Google brings cross-platform AI pipeline framework MediaPipe to the web
Roughly a year ago, Google open-sourced MediaPipe, a framework for building cross-platform AI pipelines consisting of fast inference and media processing (like video decoding). Basically, it’s a quick and dirty way to perform object detection, face detection, hand tracking, multi-hand tracking, hair segmentation, and other such tasks in a modular fashion, with popular machine learning frameworks like Google’s own TensorFlow and TensorFlow Lite.
“Since everything runs directly in the browser, video never leaves the user’s computer and each iteration can be immediately tested on a live webcam stream (and soon, arbitrary video),” explained MediaPipe team members Michael Hays and Tyler Mullen in a blog post.

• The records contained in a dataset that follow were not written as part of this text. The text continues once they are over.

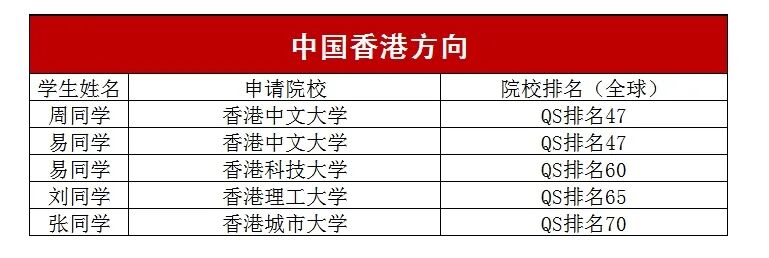 中国香港方向:斩获2份香港中文大学offer,香港科技大学、香港理工大学、香港城市大学offer各1份!
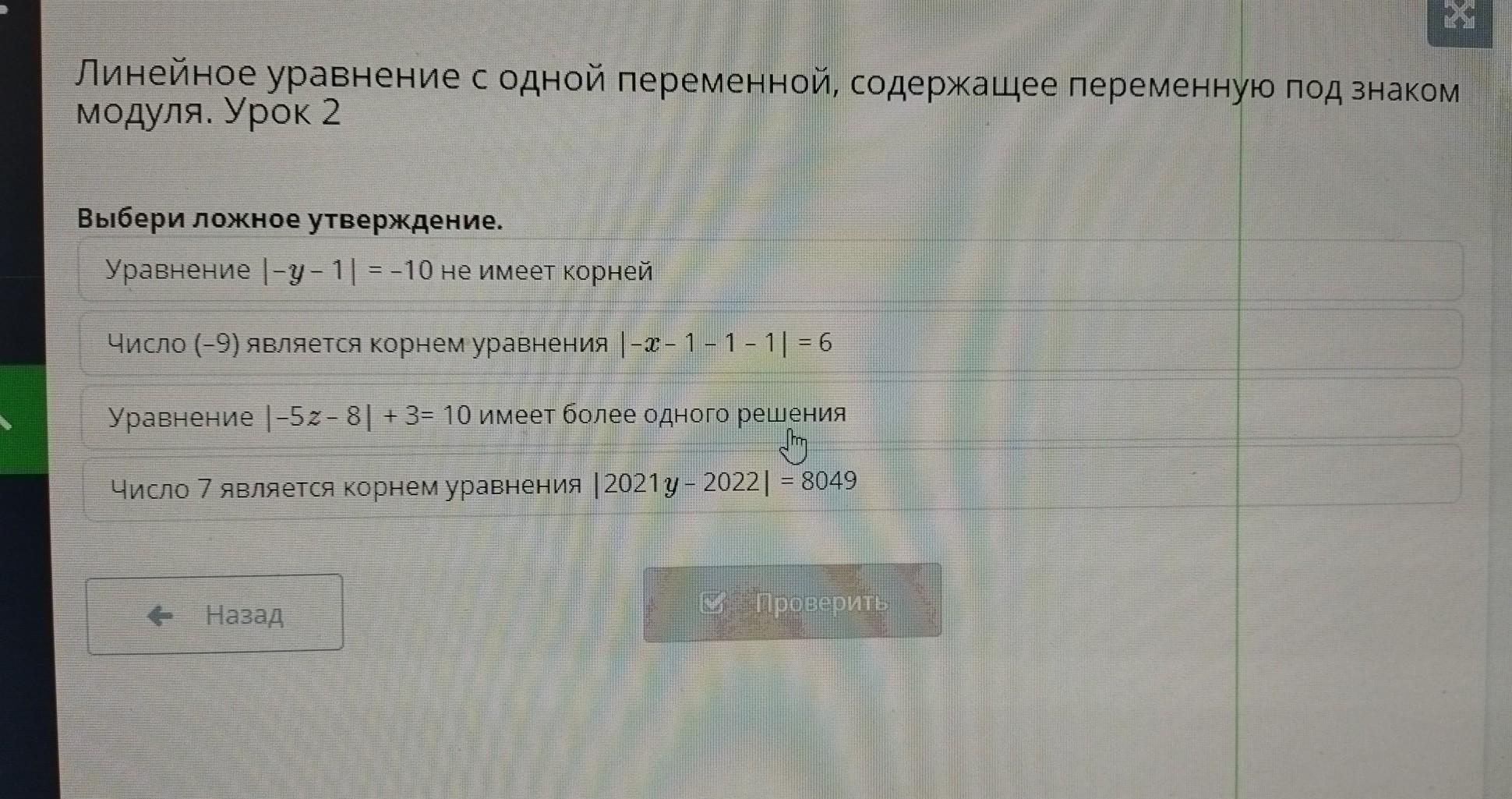 х Линейное уравнение с одной переменной, содержащее переменную под знаком модуля. Урок 2 Выбери ложное утверждение. Уравнение |-у-1| = -10 не имеет корней Число (-9) является корнем уравнения |-- 1 - 1 - 1 | = 6 Уравнение 1-5z - 8| +3= 10 имеет более одного решения thing Число 7 является корнем уравнения |2021 у - 2022| = 8049 В Проверить Назад
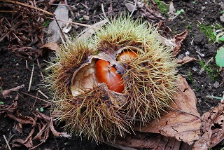 ヘルメットまでは不要ですが、自分の頭上に落ちてくるイガをよける反射神経は必要です。あとは軍手と長袖と運動靴で装備は事足ります。収穫のあと、煮て食うか焼いて食うかまではケアできません。栗ご飯一回分くらいは採れるかな・・・
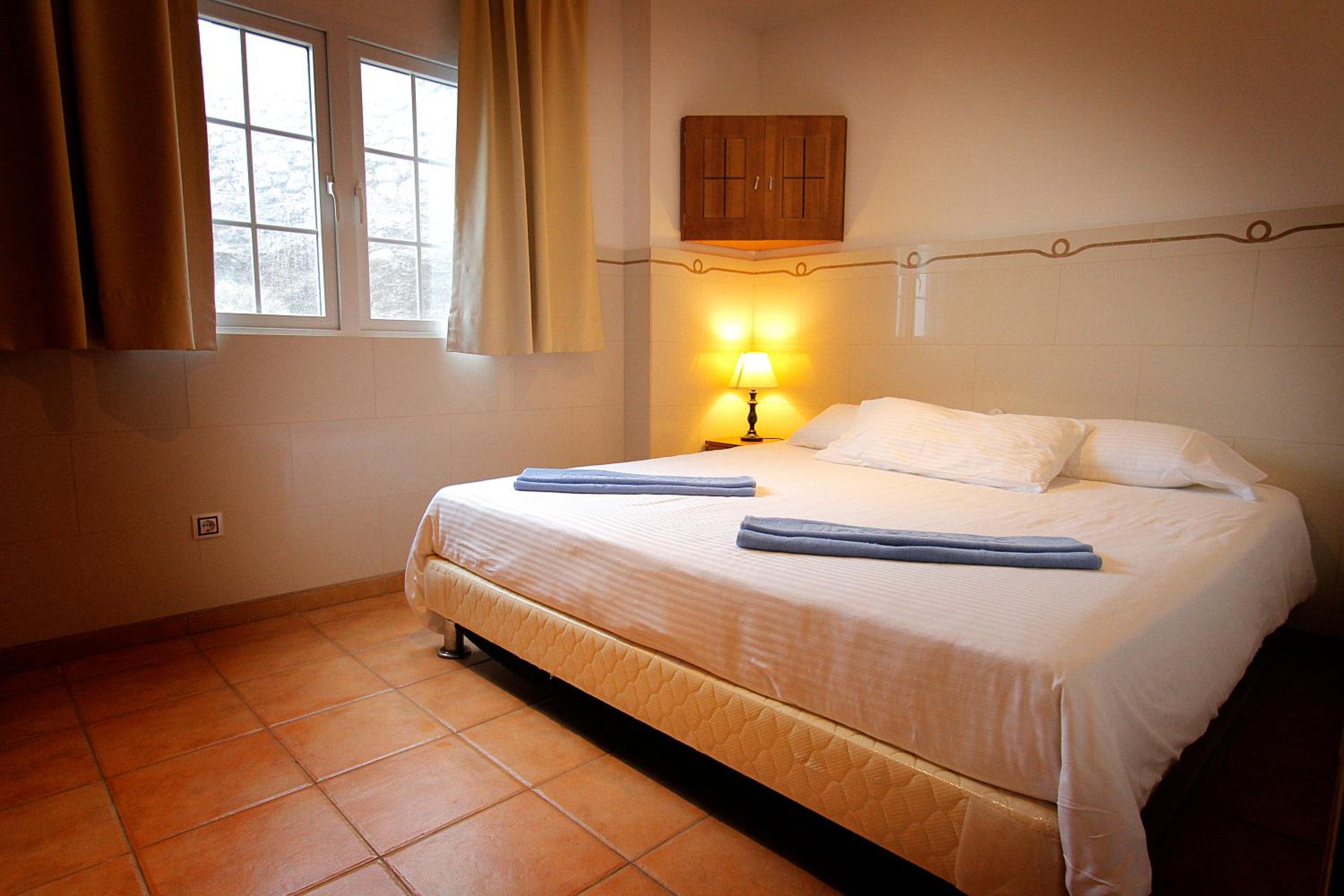 We arrived on a Sunday afternoon and we were very happy to find out that we had been given a room on the top floor. :-) The staff who checked us in were absolutely lovely and friendly, as were all the staff we encountered, from the whole reception team to the bar staff. When getting into the apartment we found it very comfortable with a large balcony with enough room for 4 chairs and a table. The view was absolutely perfect! There was a small kitchenette area, which was quite well equipped with saucepans and cooking utensils. The cleaners also do a fantastic job and there was not a speck of dirt or dust anywhere! There is a fairly good size supermarket just over the road which was very convenient. The TV was very good, with a lot of different channels in various languages which was a nice surprise. The pool area was lovely, as well as the bar area surrounding it.

Google leveraged the above-listed components to integrate preview functionality into a web-based visualizer — a sort of workspace for iterating over MediaPipe flow designs. The visualizer, which is hosted at viz.mediapipe.dev, enables developers to inspect MediaPipe graphs (frameworks for building machine learning pipelines) by pasting a graph code into the editor tab or uploading a file to the visualizer. Users can pan around and zoom into the graphical representation using a mouse and scroll wheel, and the visualization reacts to changes made within the editor in real time.

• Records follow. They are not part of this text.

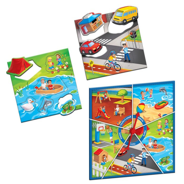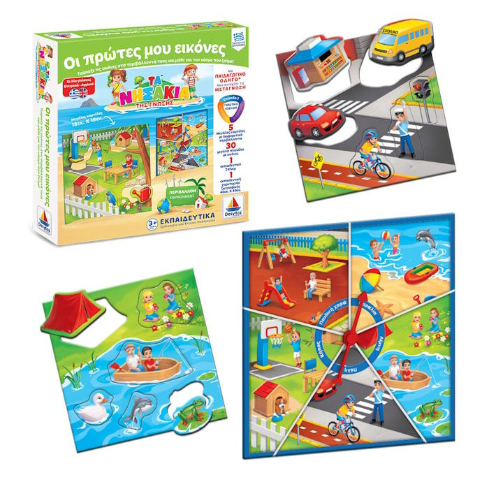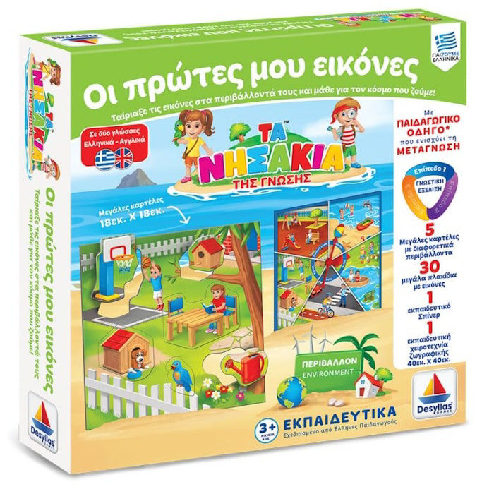 - 30 μεγάλα πλακίδια με εικόνες, στα ελληνικά και αγγλικά.
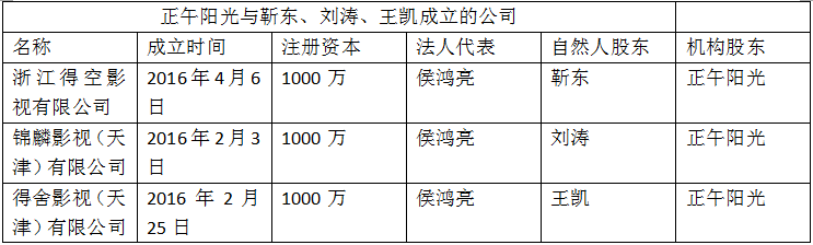 在2016年《欢乐颂》播出之前,正午阳光就已开始在资本层面着手布局,与其影视剧中的“常客”刘涛、王凯、靳东分别合资成立公司,靳东的浙江得空影视有限公司、刘涛的锦麟影视(天津)有限公司、王凯的得舍影视(天津)有限公司,三家公司法人代表均为侯鸿亮,正午阳光以机构入股,占据60%的股份,明星股东占据40%股份。
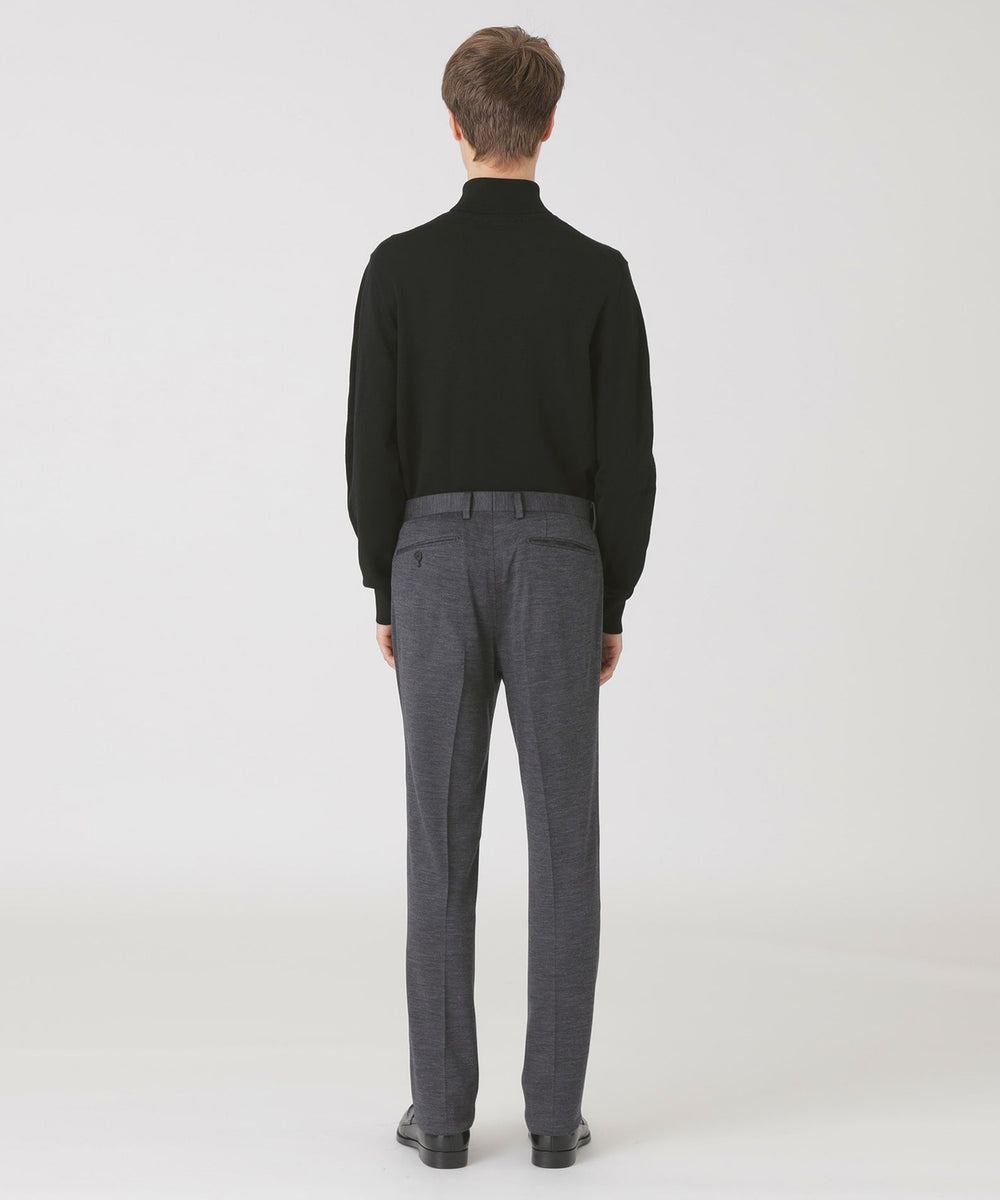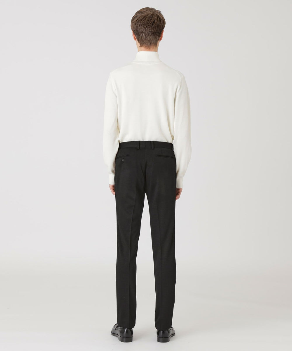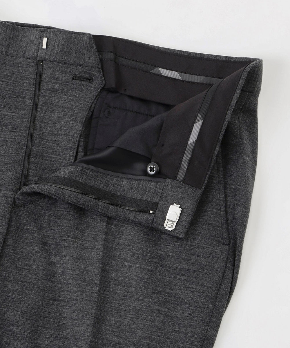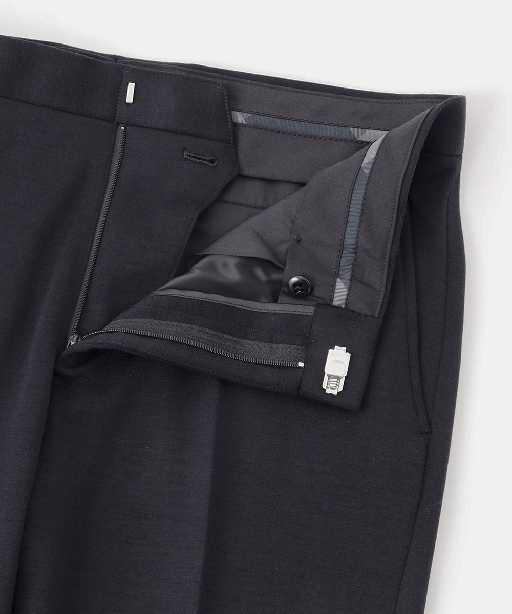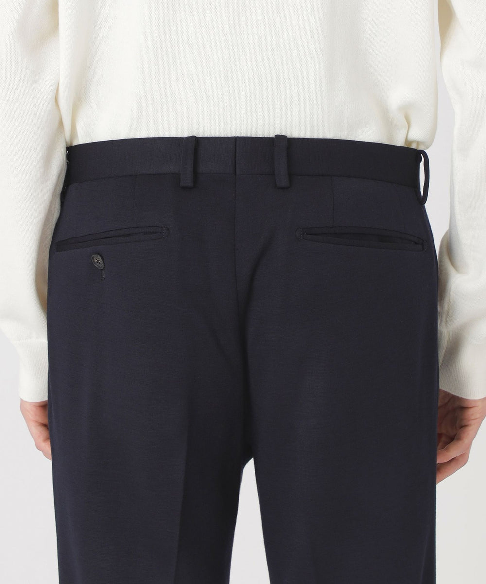 素材には、イタリアの高級服地メーカーREDA社のREDA ACTIVEウールジャージーを使用。羊毛100%の素材で、非常に美しい光沢と滑らかな風合いが特徴です。ジャージー素材を使用しているため、ビジネスシーンに限らず、様々なシーンで快適にご着用いただける一着となっています。ストレッチ性の高さに加え軽量な為、ストレスフリーでの着用が可能です。同素材にてジャケットも展開しており、セットアップとしてもご着用頂けます。

Hays and Mullen note that currently, web-based MediaPipe support is limited to the demo graphs supplied by Google. Developers must edit one of the template graphs — they can’t provide their own from scratch or add or alter assets. TensorFlow Lite inference isn’t supported, and the graph’s computations must be run on a single processor thread.
A lack of compute shaders — routines compiled for high-throughput accelerators — available for the web is to blame for this last limitation, which Hays, Mullen, and team attempted to work around by using graphic cards for image operations where possible and the lightest-weight possible versions of all AI models. They plan to “continue to build upon this new platform” and to provide developers with “much more control” over time.